REQUIREMENT: Copy nothing but the text: reproduce each line of the listing exactly and leave the pictures out.

··· GIVEN MATERIAL

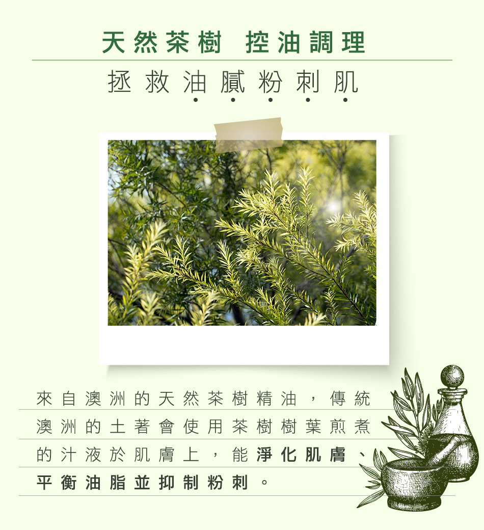 - 減少油光產生並舒緩肌膚
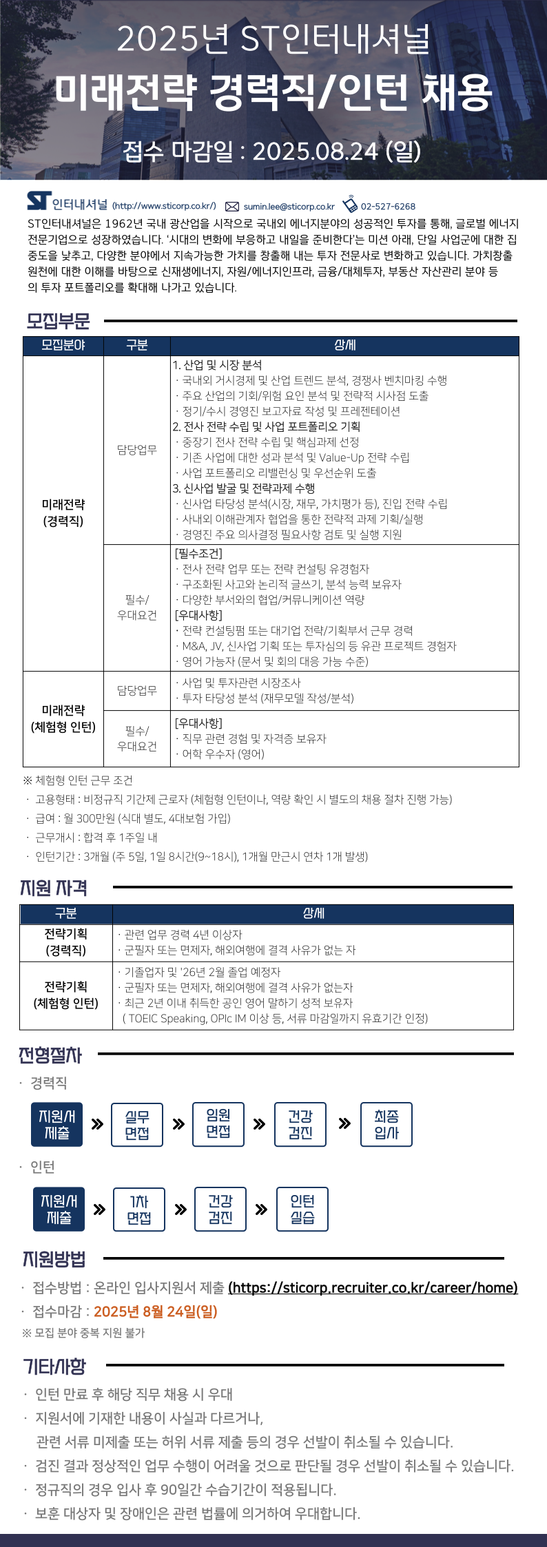ST인터내셔널과 함께 성장할 인재를 기다립니다. 지금 채용 공고를 확인해보세요.
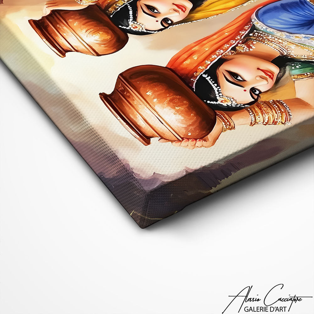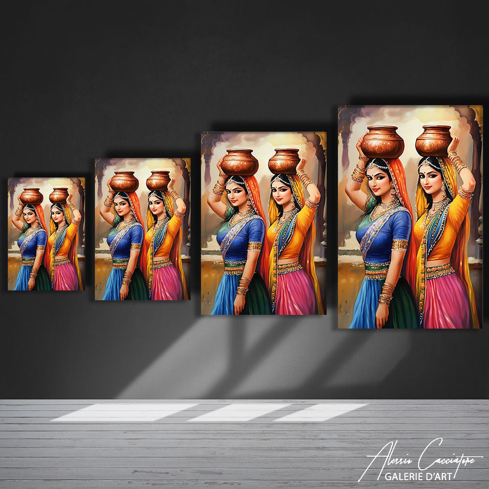 Notre tableau femme Inde célèbre la grâce et la féminité à travers deux femmes parées de vêtements traditionnels colorés. Leurs expressions à la fois fières et bienveillantes illustrent la richesse culturelle et spirituelle de l’Inde. Les détails des tissus, des bijoux et des teintes lumineuses en font une œuvre captivante, idéale pour une décoration ethnique élégante. Réalisée sur toile premium, cette création allie culture, couleur et raffinement.

······

REPLY TO THE EXERCISE:
 - 減少油光產生並舒緩肌膚
ST인터내셔널과 함께 성장할 인재를 기다립니다. 지금 채용 공고를 확인해보세요.
 Notre tableau femme Inde célèbre la grâce et la féminité à travers deux femmes parées de vêtements traditionnels colorés. Leurs expressions à la fois fières et bienveillantes illustrent la richesse culturelle et spirituelle de l’Inde. Les détails des tissus, des bijoux et des teintes lumineuses en font une œuvre captivante, idéale pour une décoration ethnique élégante. Réalisée sur toile premium, cette création allie culture, couleur et raffinement.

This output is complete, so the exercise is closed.